Boosh 7 years, 1 month ago

Hey Agnostick, whatever could of happened to matthewlyons/arminius? He doesn't seem to be around anymore:)

Daniel Dicks 7 years, 1 month ago

Pennies cost 4-5 times more to manufacture than they are worth. Ironic isn't it? Some spending cuts, some increases in revenue seems to be the answer. IMHO. Lets eliminate the penny for starters.

camper 7 years, 1 month ago

"The word “entitlements” was absent from his nearly 7,000-word State of the Union address" Most politicians do this because it is politically incorrect to say you want to address social security and medicare/medicaid. From a 2009 pie chart of the government budget:

Social Security - 20%, 678 Billion Medicare/Medicaid - 19% 676 Billion Defense - 23% 782 Billion TARP - 4% 151 Billion Interest 5% 187 Billion Discretionary 12% 437 Billion Other Mandatory 17% 607 Billion

Welfare assistance is included in other mandatory and it is a large # ($191 Billion or 5% of the budget). I say large so as not to minimize it, but there are much larger elephants in the room.

overthemoon 7 years, 1 month ago

Any list like this that does not take revenue into account is misleading. For instance TARP monies are LOANS...to be paid back with interest.

It is also not mentioned that the deficit was REDUCED over the past two years...very small amount but it was not growing. Projections for the coming year show an increase...due to the extension of tax cuts for the wealthy and the resulting loss of revenue. Thank you Republicans for causing the deficit reduction to be reversed.

sr80 7 years, 1 month ago

winning or losing the economy or the election isn't going to matter to pres. obama. he's got it made for the rest of his life.look at clinton.enough said.
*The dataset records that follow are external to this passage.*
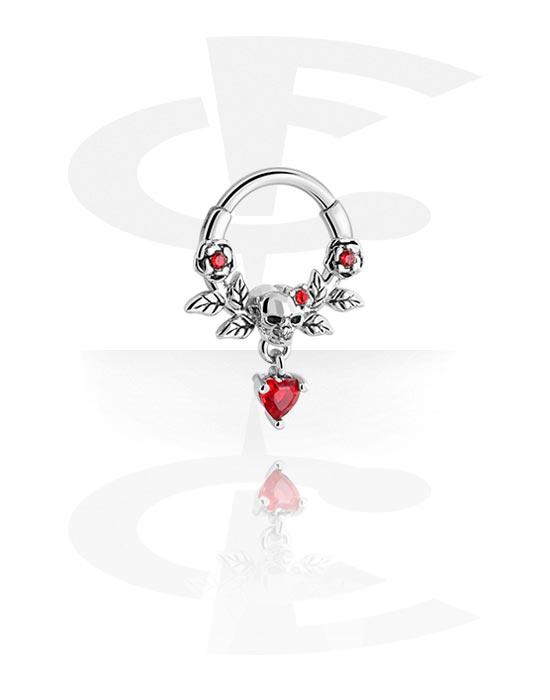 Multi-purpose clicker (acciaio chirurgico, argento, finitura lucida) con accessorio a teschio e cristallini
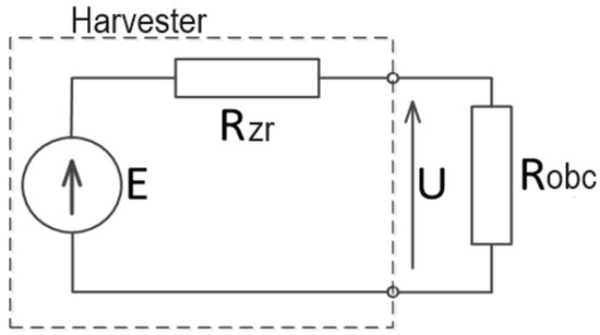 To conduct a more detailed analysis of the operation of the harvester system, numerous factors would have to be considered, and this significantly complicates the issue. In the simplest scenario, the system of the tested harvester can be modeled as a voltage source E with series resistance RZR (Figure 25). The value of the voltage source E in this system depends heavily on the environmental conditions, i.e., the strength and frequency of the electromagnetic field. By recording results of voltage measurements of the tested harvester operating under the same conditions with and without a load, the values of the internal resistance of the source for the applied model of the harvester system can be determined. It is also possible to determine the power dissipated at the attached loads and the impedance matching of the power and load systems. It is important to note that the RZR of the harvester is a highly nonlinear parameter, influenced by the system design, the energy supply, the antenna used, and the load stage.
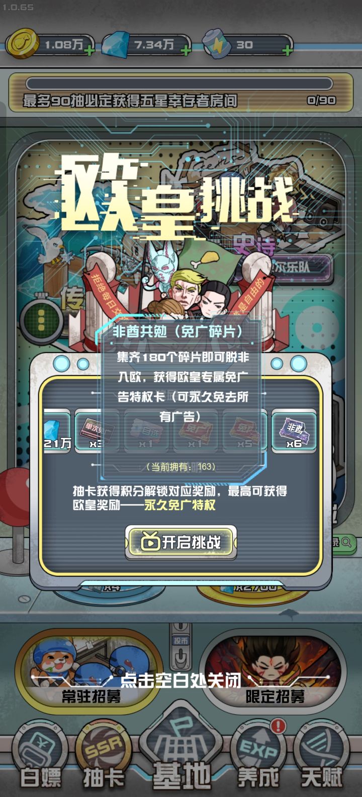 游戏的抽卡继承了【超神网络】的经典机制,300抽欧皇挑战,将游戏资源进行了等级划分,抽到不同等级会分别积分核算,按照最终分数给予玩家奖励,或是免广告卡,或是免广告碎片,这种方式解决了两个问题:
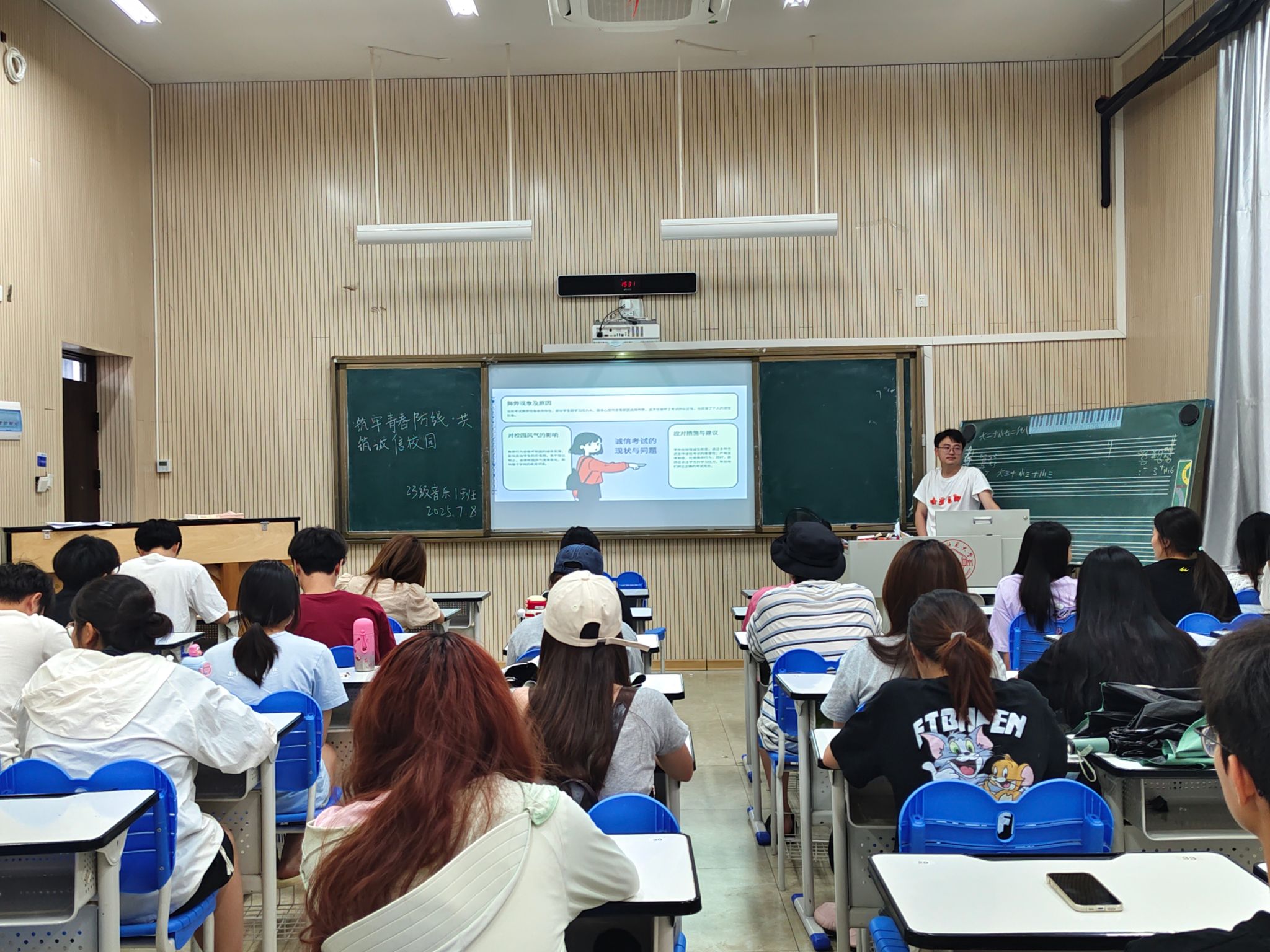 班会上,各班通过案例分析、互动分享等多种形式,围绕诚信考试、学术规范、校园安全等内容,帮助同学们深刻理解诚信内涵。有的班级结合《betway必威西汉姆联官网本专科生违纪处分规定》,列举出不同作弊行为对应的处分后果;有的班级结合身边实际案例,展开互动交流,同学们踊跃分享身边的诚信事例。有同学谈及外卖经常被盗现象,呼吁大家共同维护校园诚信环境;有同学谈及用deepseek直接完成期末作业、如期归还物品、按时履约、诚信应考等日常小事,指出诚信并非遥不可及,而是体现在日常生活与学习的细微之处,将诚信理念融入日常,争做诚信精神的践行者和传播者。
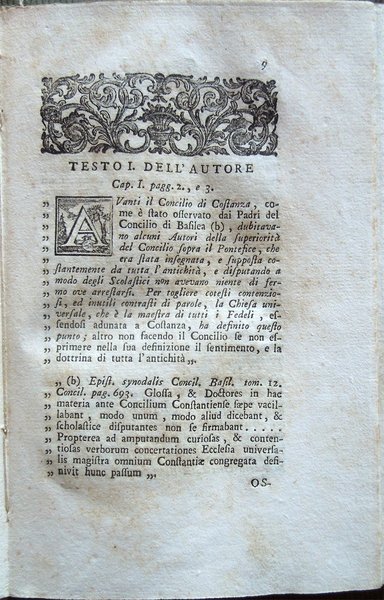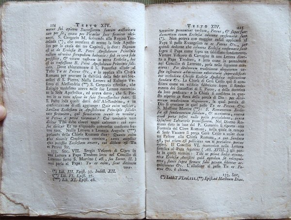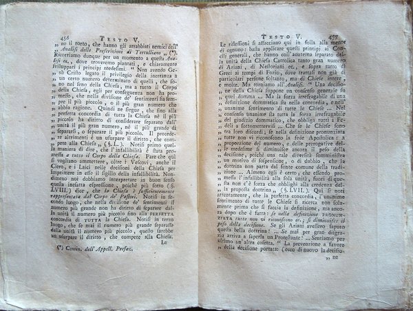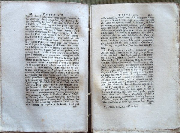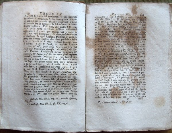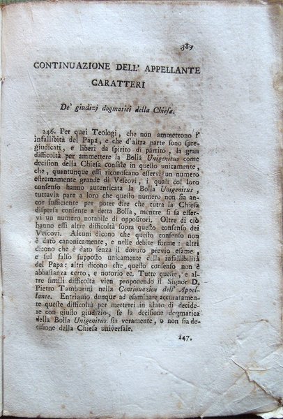 In-8° (19,3 x 14 cm), pp. 566, (2), legatura coeva in cartone semirigido, con titoli manoscritti al dorso (legatura d'attesa, con alcuni fascicoli legati un po' larghi, comunque ben salda, con normali segni del tempo). Al fascicolo Q (pp. 241-256), l'inchiostro, ossidandosi, ha determinato la formazione di bruniture. Qualche segno d'umido, normale patina del tempo alle pagine, nel complesso buon esemplare, in barbe editoriali. Giovanni Vincenzo Bolgeni nacque a Bergamo nel 1733. Gesuita, insegnò a Macerata fino a quando, nel 1773, venne sciolta la Compagnia. Segnalatosi per la sua produzione polemica contro il giansenismo, nel 1787 fu nominato teologo della Sacra Penitenzieria. È noto per aver sostenuto la liceità del giuramento alla Repubblica Romana del 1798: solo l'esplicita condanna del giuramento da parte di Pio VI lo indusse a ritrattare le sue dottrine. Privato del suo ufficio, continuò nei propri studi, per lo più pubblicati postumi. Morì a Roma nel 1811. Nello scritto in questione polemizza con il giansenista bresciano Pietro Tamburini, autore delle opere Cosa è un appellante e Continuazione dellAppellante.
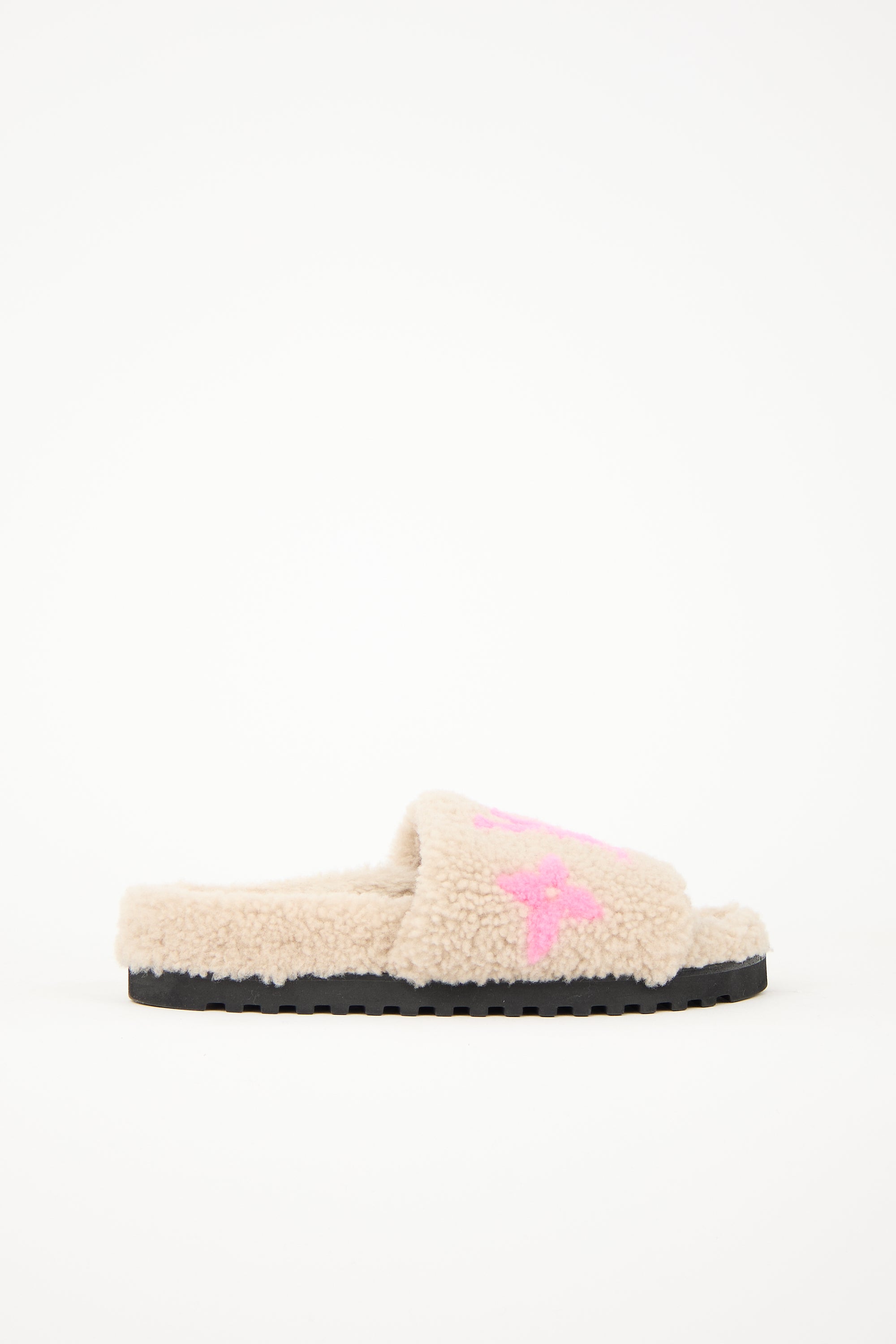 Pre-owned Louis Vuitton beige and pink shearling Bom Dia slides featuring open rounded toe, logo strap, and rubber outsole.
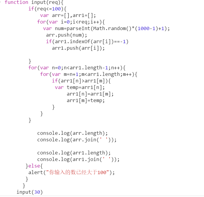 填入数组的事已经完成了,接下来就是排序的问题了。冒泡(简单粗暴)。生成随机数组的个数,就用数组的长度喽,arr.length.
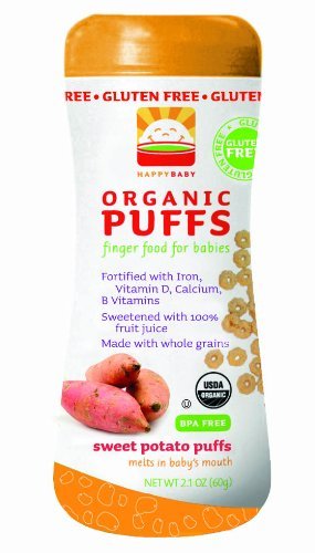 - CERTAIN CONTENT Happy Baby Sweet Potato Puffs THAT APPEARS ON THIS Â COMES FROM AMAZON EU. THIS CONTENT IS PROVIDED AND IS SUBJECT TO CHANGE OR REMOVAL AT ANY TIME.
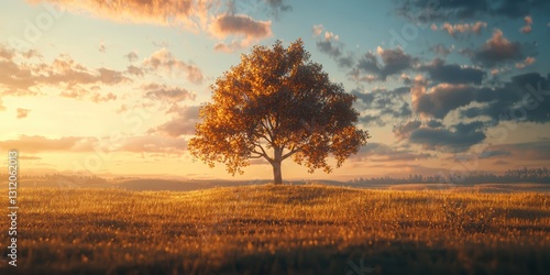 © Sergey Fedchenko, Fototapeta premium 3d background minimalistic mockup with space for text, dramatic shot of a single oak tree standing tall in an open golden field at sunset
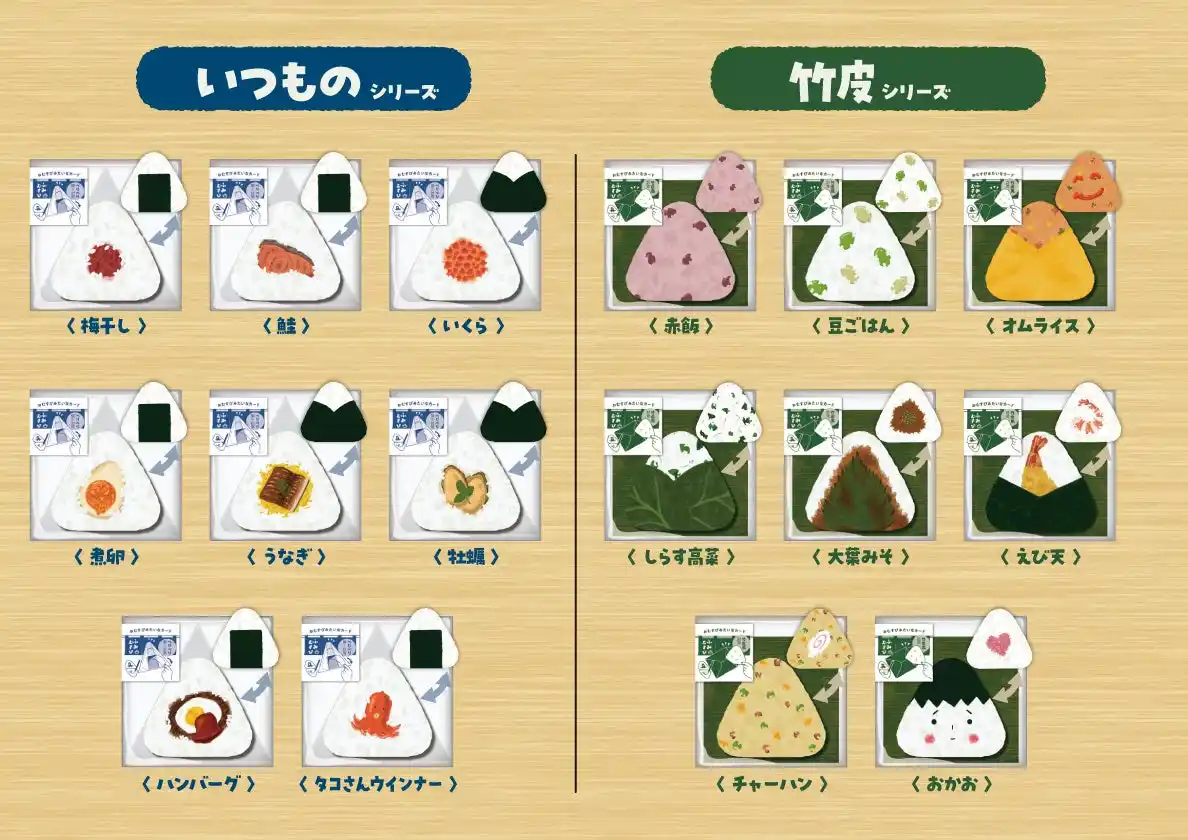 1.見た目も“味”も本物のおむすびのようなかわいらしさ 「ふみむすび」は、おむすび型のメッセージカードに、封筒とシールがセットになった商品です。おむすびの“味”が描かれたカードにメッセージを書き、おむすびのパッケージを模した封筒に入れて渡します。メッセージカードを贈る側には「あの人はどんな味が好きだろう?」と考えながら選ぶ楽しみを味わってもらい、受け取る側には「なに味のおむすびだろう?」と開ける楽しみを味わっていただけるよう、計16種類を展開します。
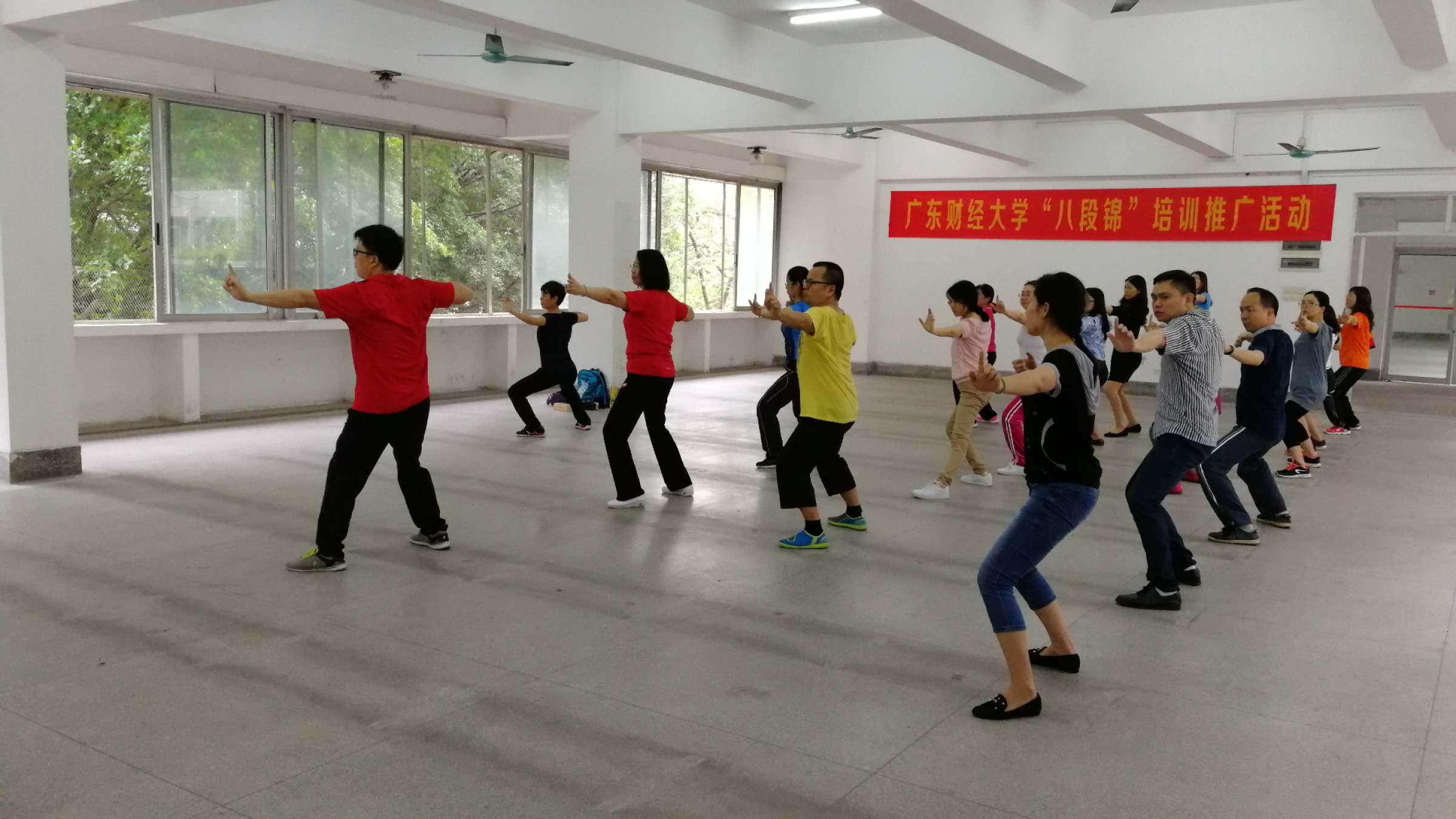 为深入贯彻落实《全民健身计划》,帮助教职工缓解工作和生活压力,提高教职工身体素质和健康水平,校工会于5月8日起在旧图书馆二楼201室开展两期“八段锦”培训推广活动,体育教学部老师陈佩辉担任教练。
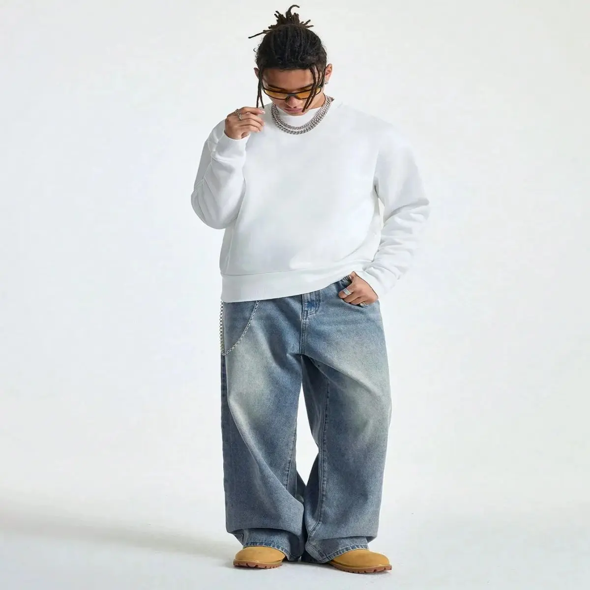 These Y2K-inspired mens wide-leg brushed jeans are a standout addition to your streetwear collection, blending vintage hip-hop style with modern comfort. Made with soft brushed fabric for a cozy, premium feel, they feature a bold wide-leg and baggy silhouette that captures the iconic Y2K rock and hip-hop vibe. The classic black color adds versatility and edge, perfect for creating eye-catching urban outfits. Ideal for daily street style, casual outings, music events, weekend gatherings, and trend-focused wear, these jeans pair effortlessly with oversized tees, hoodies, graphic tops, and sneakers. Designed for both fashion and comfort, they deliver a relaxed, effortless fit that stays true to the authentic hip-hop and Y2K aesthetic.Material: High-quality

camper 7 years, 1 month ago

Earmarks seem insignifigant, but they really may not be when you add them up. They are small slices of the pie that are more or less favors granted. Ethanol is a good example. Most studies say that this is a poor energy strategy for relevant reason. Diverting corn production to energy raises food prices and paradoxically consumes more fossil fuels (and chemicals) to produce. A miniscule segment of producers support these subsidies, and because it is small, it goes thru. Politicians favor it because much of the support comes from Iowa. And Iowa is one of the 1st states on the primary. Even congressional politicians who vote against this, adopt it when they step into the election process (like Bradford I think).

But for example, there are many examples out there just like ethanol. Ethanol politics is not right wing or left wing so this is not cherry picking

For the record, President Obama supports ethanol subsidies, while to his credit, McCain does not.

Liberty275 7 years, 1 month ago

Maybe obama can innovate a machine to print money faster.

MyName 7 years, 1 month ago

And in other news: Worthless Conservative Columnist Unmoved by Successes. Film at 11.

jonas_opines 7 years, 1 month ago

Meh. It's only an unmoved disregard if you don't agree. When it's something that you also believe, then it's called Taking a Principled Stand or Sticking By Your Guns.